Managing your maintenance budget with an algorithm
Canadian leader in the transportation industry, our client has embarked on a major project to optimize the maintenance of their network. With a fixed annual budget dedicated to these activities, the client’s main challenge was to allocate the preventive maintenance budget appropriately in order to minimize the risk of accidents and thus maximize passenger safety. Until now, this allocation was the result of a long, tedious and uninformed process. It is in this context that our analytics teams intervened.
Our mission: industrialize a traditional process
Our mission was to develop an algorithm for a healthy use of the annual preventive maintenance budget. To do this, our team attacked the problem in several stages:
- Explore available data from different, more or less related sectors,
- Carry out statistical analyses from the data in order to identify the factors that have an impact on the quality of the network,
- Produce a relevant scoring system and define a quality threshold in order to deliver the expected algorithm.

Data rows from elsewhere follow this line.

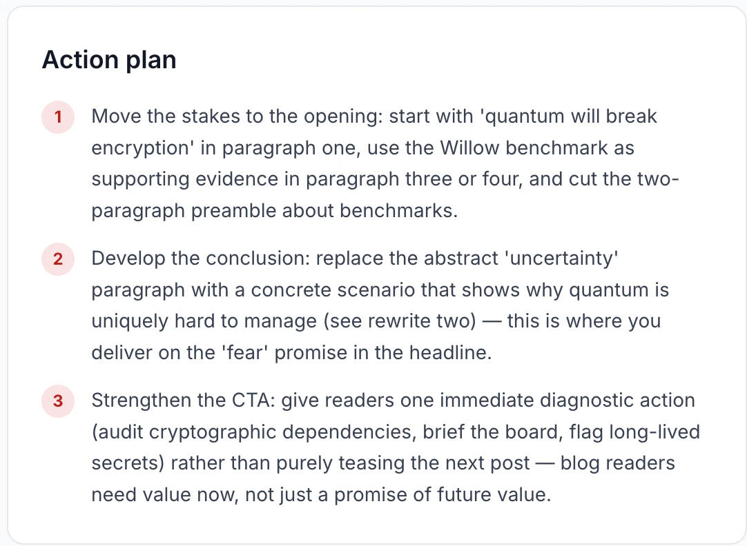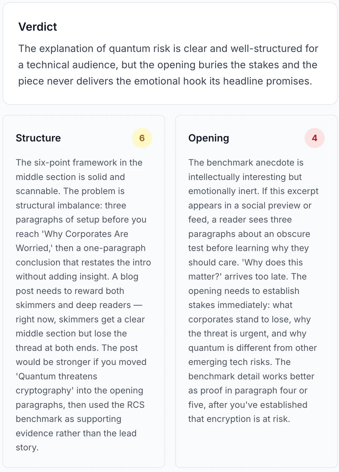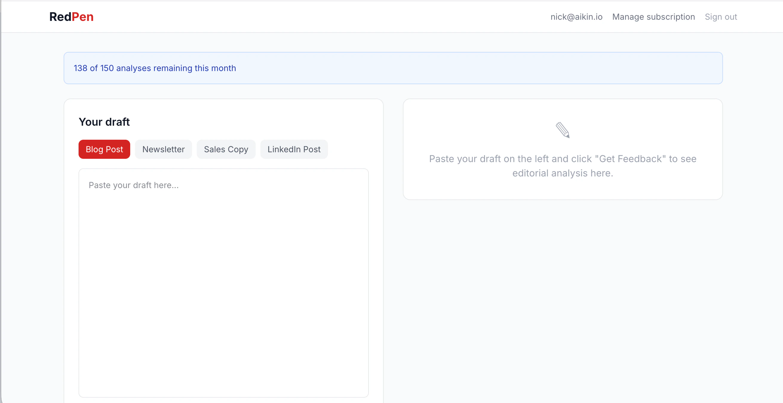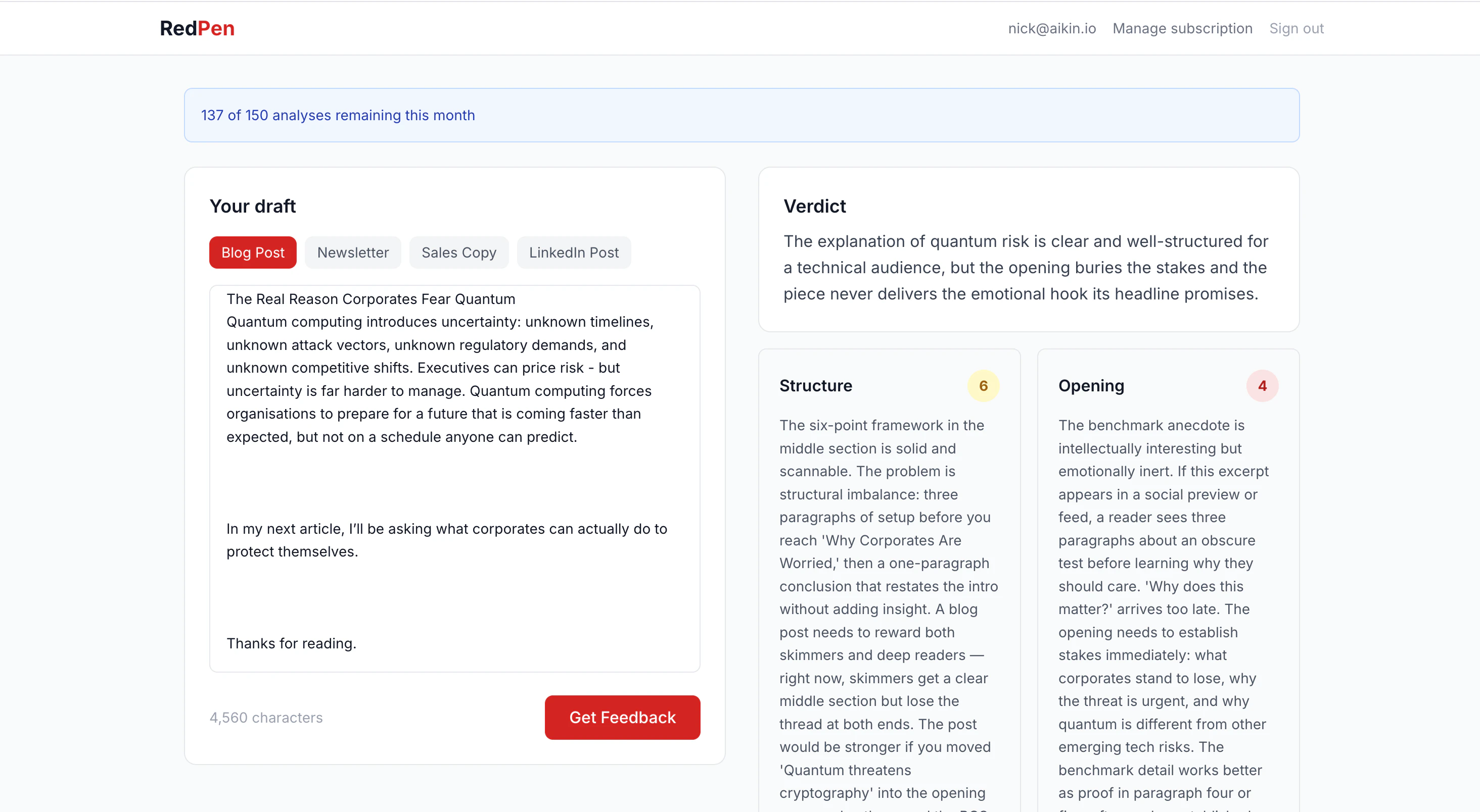 RedPen gives you editorial feedback on your writing — not grammar fixes, but real critique on structure, argument, clarity, and tone. With specific rewrites. For business writers who want their work to land, not just to read cleanly.
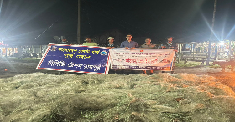 রায়পুর মেঘনা নদীতে মৎস্য কর্মকর্তার অভিযান কারেন্ট জাল, ইলিশ জব্দ
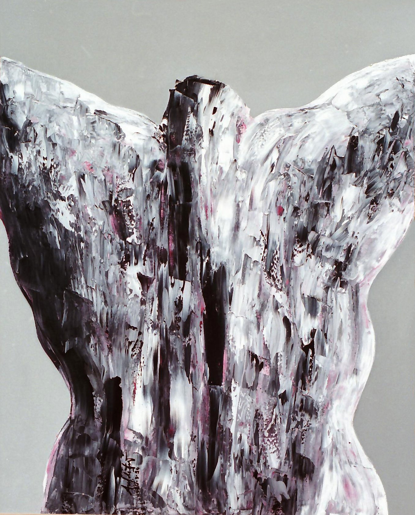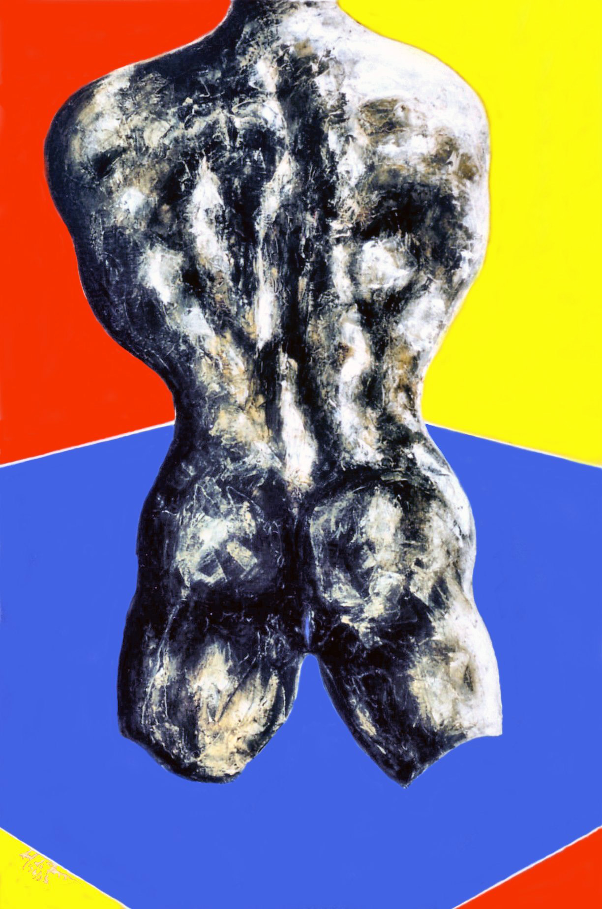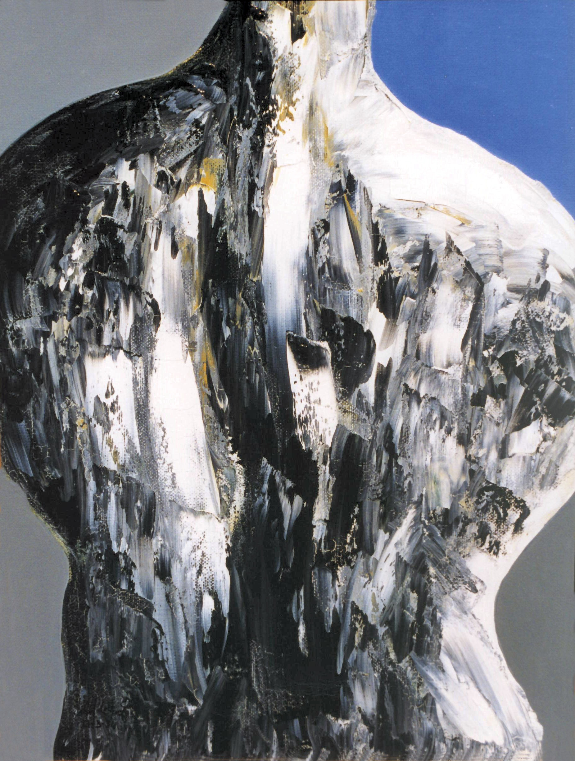 Nel Ciclo successivo, però, ritorna alla pittura ad olio che aveva momentaneamente abbandonato, con una pennellata più fluida e quasi stinta, simile all’acquarello. I soggetti sono ancora corpi o torsi di persone, dove il pennello, ma spesso la spatola usata a guisa di scalpello, ne “sbrandella“ la forma e scava all’interno di quella sagoma, come a significare che il dramma che agita la figura è solo all’interno di quell’io, di quel soggetto, non fuori da lui. A questo punto si mescolano colori e luci e ombre, a neri e bianchi, i quali si fondono e stridono in grigi multicolori. La pittura si fa astratta, all’interno di una sagoma figurale dal contorno ben delimitato; si fa musica cacofonica dalle note squillanti, chiare; diviene grido, consapevolezza nella sua essenza di vita; la pittura, infine, si fa coscienza dell’artista che la crea.
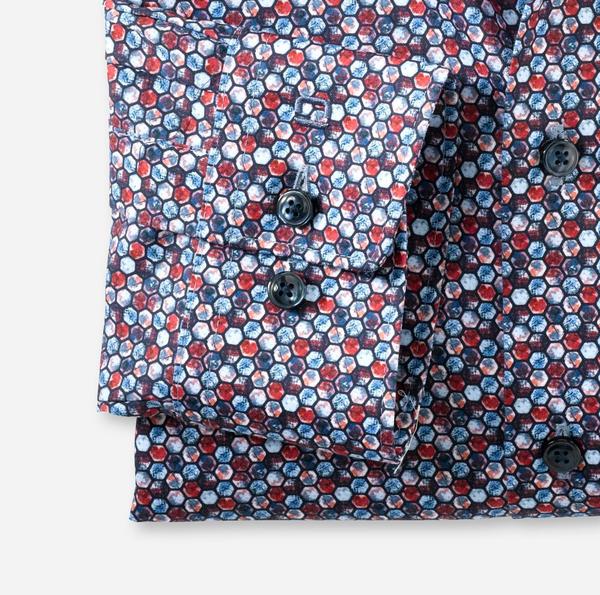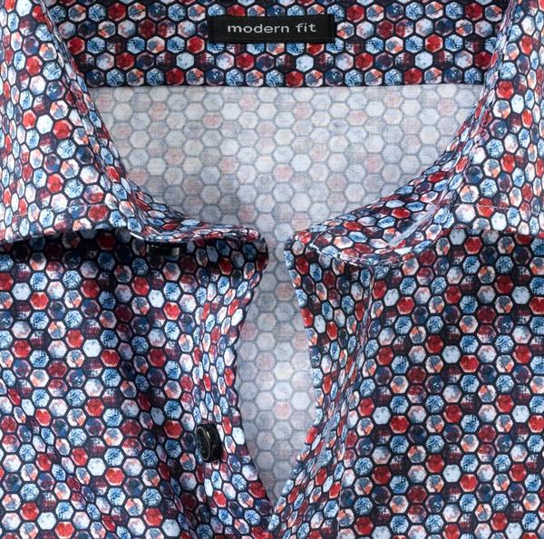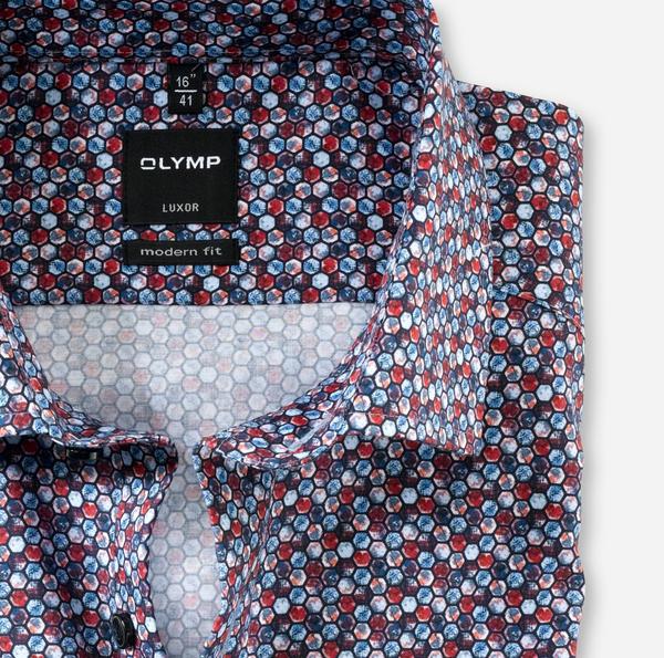 Grafische Formen aus der portugiesischen Mosaikkunst und kräftige Sommerfarben aus Brasilien haben das OLYMP Design-Team zu diesen Modellen inspiriert. Die bügel- und knitterfreien OLYMP Luxor modern fit Businesshemden aus reiner, glatter Baumwolltextur präsentieren sich in raffinierten farblichen Verbindungen und lebendigen Mustern. Unterstrichen wird der attraktive Look durch einen kosmopolitischen Global Kent und die dynamische Silhouette, zu deren Gunsten auf eine Brusttasche verzichtet wurde.
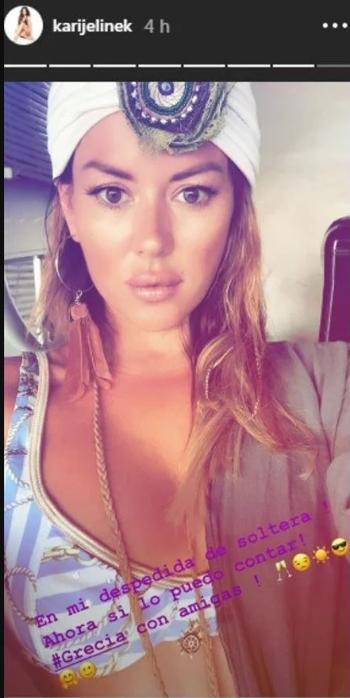 Karina Jelinek generó un gran revuelo en las redes sociales con un particular anuncio. La morocha publicó una foto en sus historias de Instagram en la que está muy relajada y feliz en medio de una escapada a Europa. Junto a la imagen, la diosa argentina hizo una aclaración muy importante: "En mi despedida de soltera. Ahora sí lo puedo contar. #Grecia con amigas".
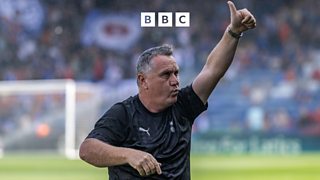 Micky Mellon reacts to a 2-0 win at home to Bristol Rovers.
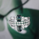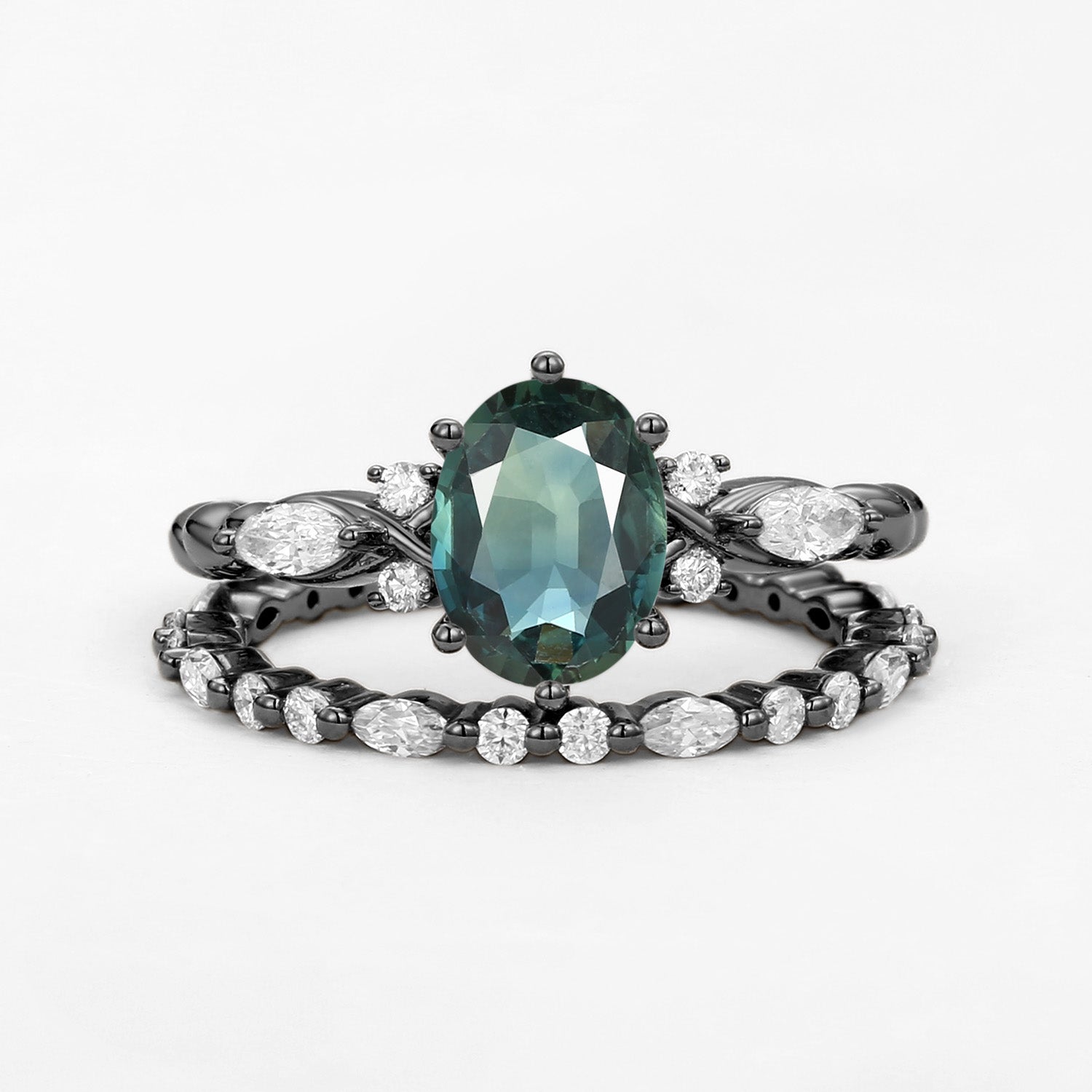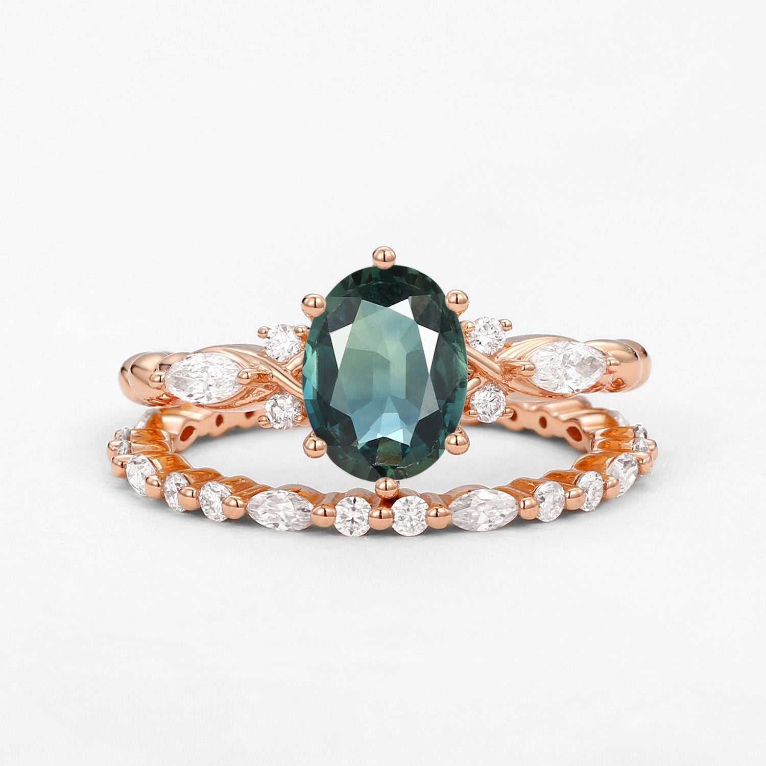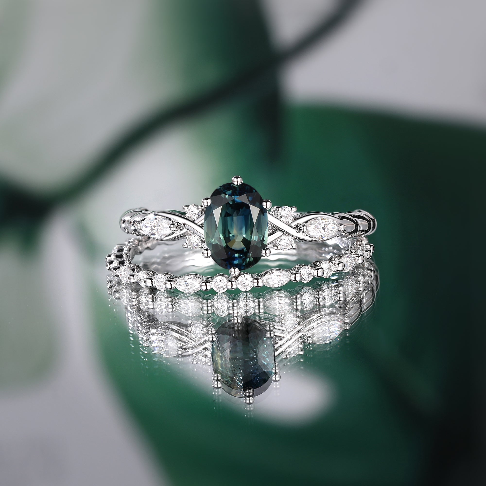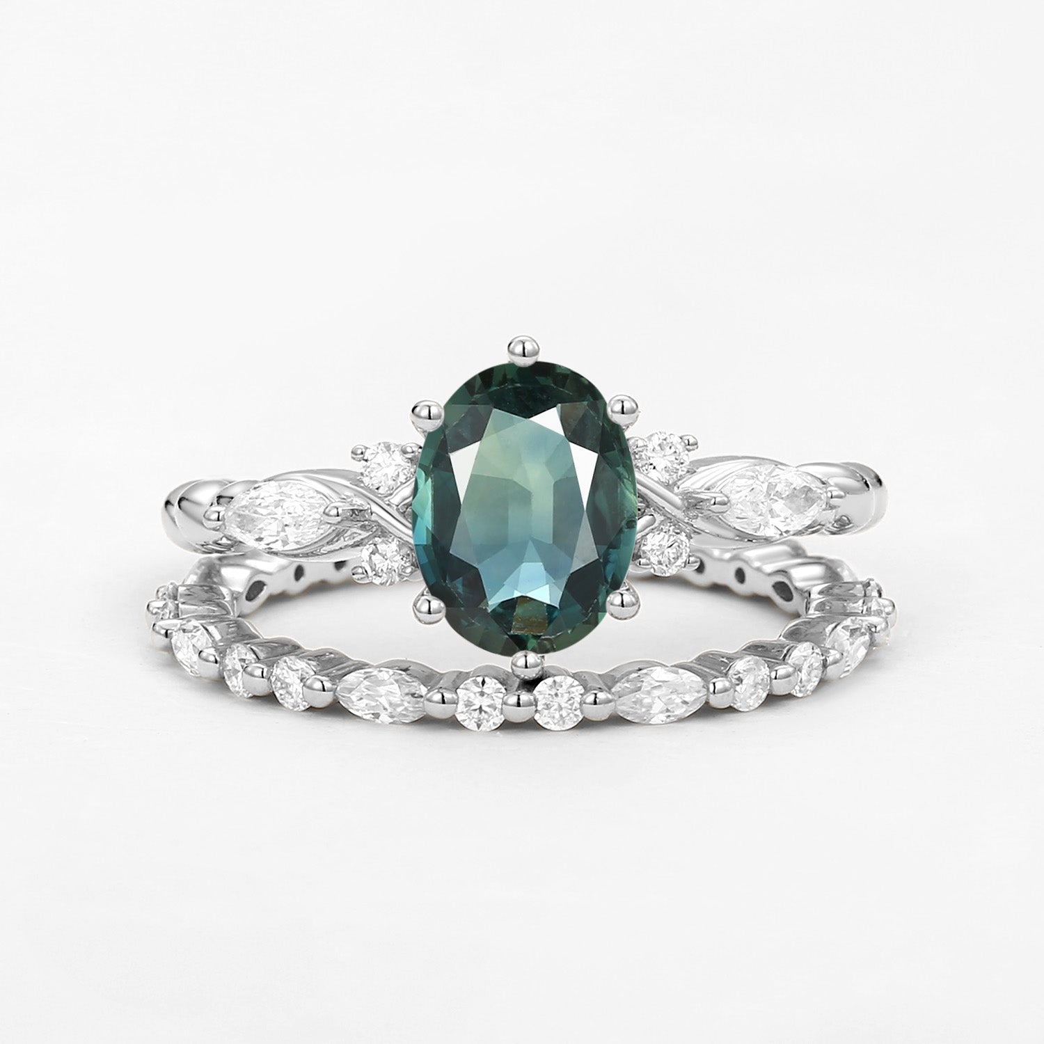 Infinity Oval Teal Sapphire Cluster Ring Set 2pcs
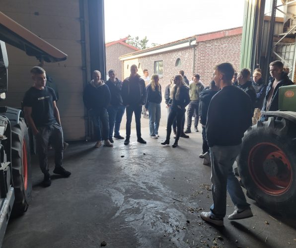 Letzter Anlaufpunkt der Exkursion war die Besichtigung des elterlichen Betriebes des Fachschülers Kevin Hempen in Bösel. Seine Eltern bewirtschaften einen typischen Süd-Oldenburger Hof, der sich auf die Fresser- und Jungsauenaufzucht spezialisiert hat. Kevin Hempen führte seine Mitschülerinnen und Mitschüler über den Hof und erläuterte alle Betriebszweige. Der Familienbetrieb verfügt über 320 Fresseraufzucht-, 60 Bullenmast- und 750 Jungsauenaufzuchtplätze​. Außerdem werden Roggen, Weizen und Silomais angebaut sowie einige Hektar Grünland bewirtschaftet.
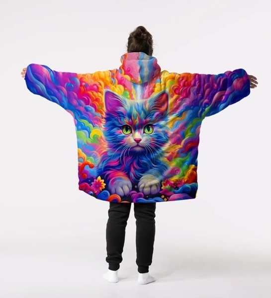 Huggie - Rainbow Kitty - Giant Blanket Hoodie - Kæmpe Tæppe Hættetrøje
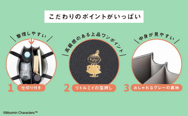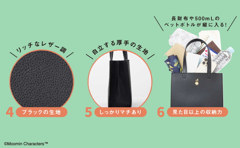 デザインは、シックなブラックのレザー調にゴールドの箔押しで高級感たっぷり。箔押しのリトルミイが大人かわいいアクセントになっています。持つだけでおしゃれ度がぐっと上がる、大人が持ちたい上品でリッチなバッグに仕上がりました。
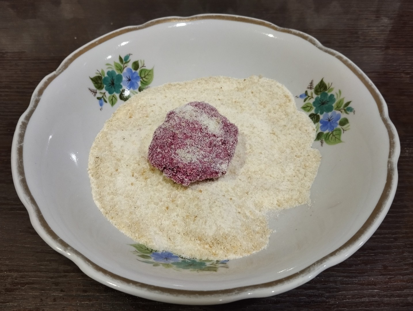 В тарелочку насыпьте манку или панировочные сухари. Столовой ложкой положите в тарелочку немного свекольного фарша.

The key to success : a close collaboration with our client
The project would never have been such a success without the close collaboration fostered with the client. The teamwork and the trust that the client placed in us allowed us to quickly understand the scope of the project and intervene quickly to deliver concrete and iterative results.
The complexity of the project lay mainly in the need to industrialize a historical and traditional methodology to make it data driven and tangible. It was also necessary to optimize this methodology so that the solution could operate to its full potential.
Benefits of this first advanced analytics approach
With this predictive and prescriptive analysis algorithm, our client can now:
- Make data-based choices for their annual maintenance budget,
- Increase user security and save time and money,
- Finally, if our analysis was limited to metal maintenance, it is nevertheless a flexible foundation adaptable for all other network components.